TASK STATEMENT → Retype each entry below exactly. Do not carry any image over.
DATASET EXTRACT below:
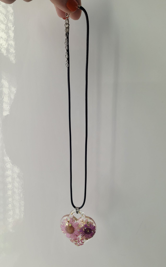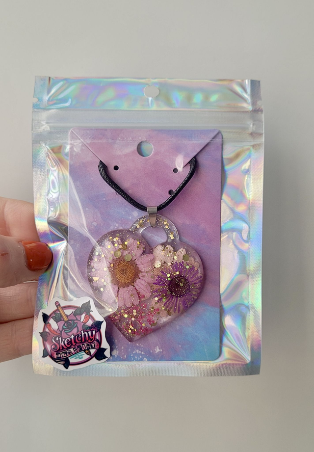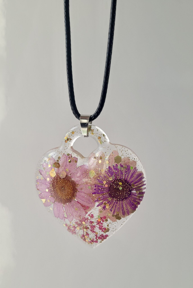 This handmade statement necklace features a chunky clear resin heart filled with real dried pink and purple flowers, golden glitter, and iridescent sparkle. A bold, nature inspired piece that blends delicate botanical beauty with eye catching shine.
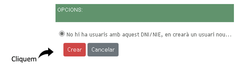 Si la persona no ha estat mai a l’entitat, la BdD ens indicarà que no hi ha cap registre amb aquest DNI/NIE i que hem de crear una persona nova.
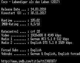 | FiLENAME: | Coco.Lebendiger.als.das.Leben.2017.German.DL.1080p.BluRay.x264-COiNCiDENCE.mkv |
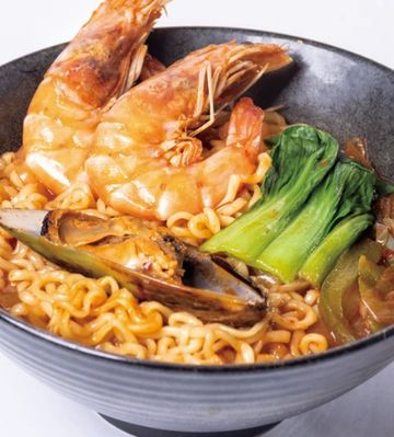 Head-on shrimps, mussel, seafood mix, bok choy, onions, green onions, bell peppers, wood ear mushrooms
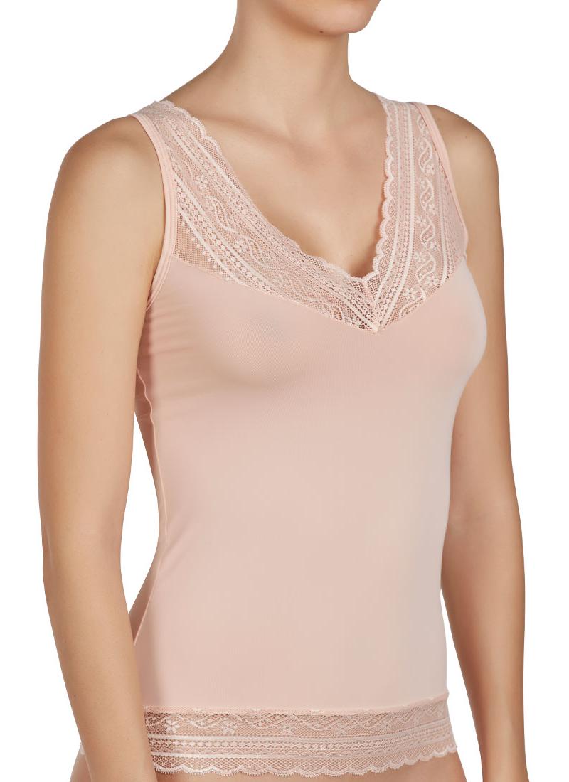 Koszulka bez rękawów Kolekcja Romance. Kobiecy i zmysłowy. Miękka tkanina z mikrofibry o wysokiej elastyczności. Delikatny krój z koronkowymi zdobieniami łączą jakość i elegancję.
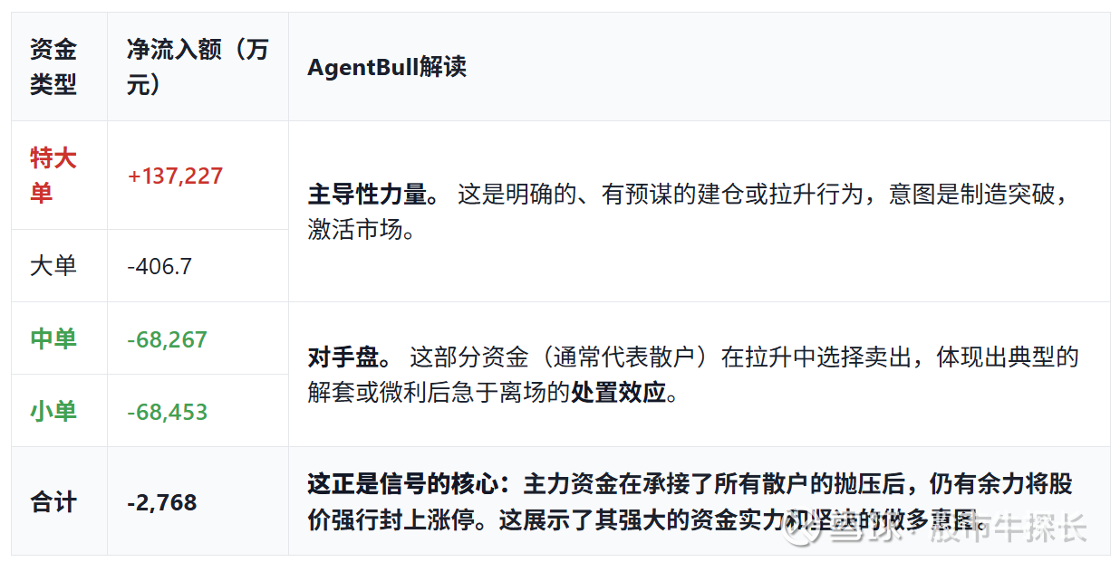 主导资金撤离/反手风险 (最高级别风险): 当前唯一的支撑是主导资金。一旦其拉升受阻或完成吸筹后转为洗盘,可能出现快速、大幅的回调。
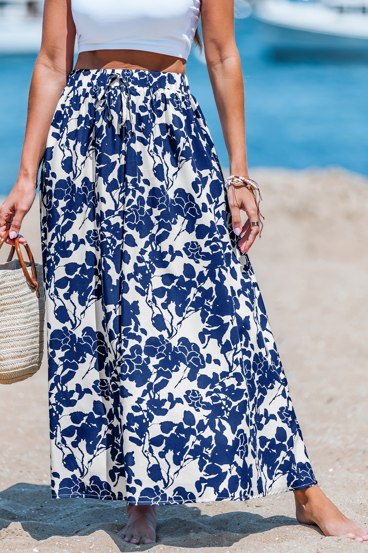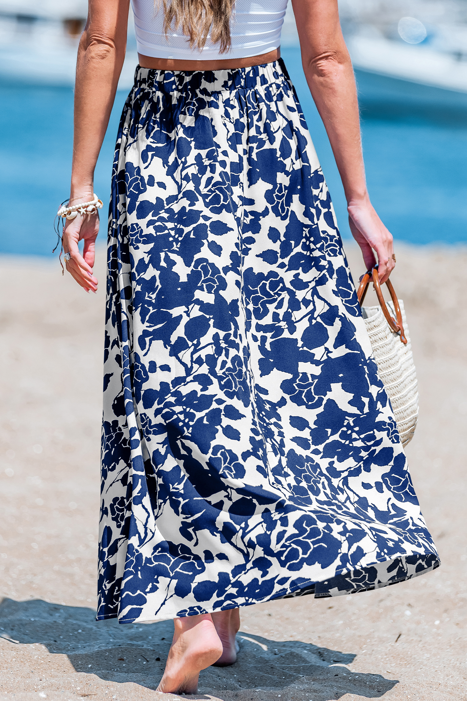 Falda midi azul cielo con flores silvestres
End of DATASET EXTRACT.
OUTPUT BELOW →
 This handmade statement necklace features a chunky clear resin heart filled with real dried pink and purple flowers, golden glitter, and iridescent sparkle. A bold, nature inspired piece that blends delicate botanical beauty with eye catching shine.
 Si la persona no ha estat mai a l’entitat, la BdD ens indicarà que no hi ha cap registre amb aquest DNI/NIE i que hem de crear una persona nova.
 | FiLENAME: | Coco.Lebendiger.als.das.Leben.2017.German.DL.1080p.BluRay.x264-COiNCiDENCE.mkv |
 Head-on shrimps, mussel, seafood mix, bok choy, onions, green onions, bell peppers, wood ear mushrooms
 Koszulka bez rękawów Kolekcja Romance. Kobiecy i zmysłowy. Miękka tkanina z mikrofibry o wysokiej elastyczności. Delikatny krój z koronkowymi zdobieniami łączą jakość i elegancję.
 主导资金撤离/反手风险 (最高级别风险): 当前唯一的支撑是主导资金。一旦其拉升受阻或完成吸筹后转为洗盘,可能出现快速、大幅的回调。
 Falda midi azul cielo con flores silvestres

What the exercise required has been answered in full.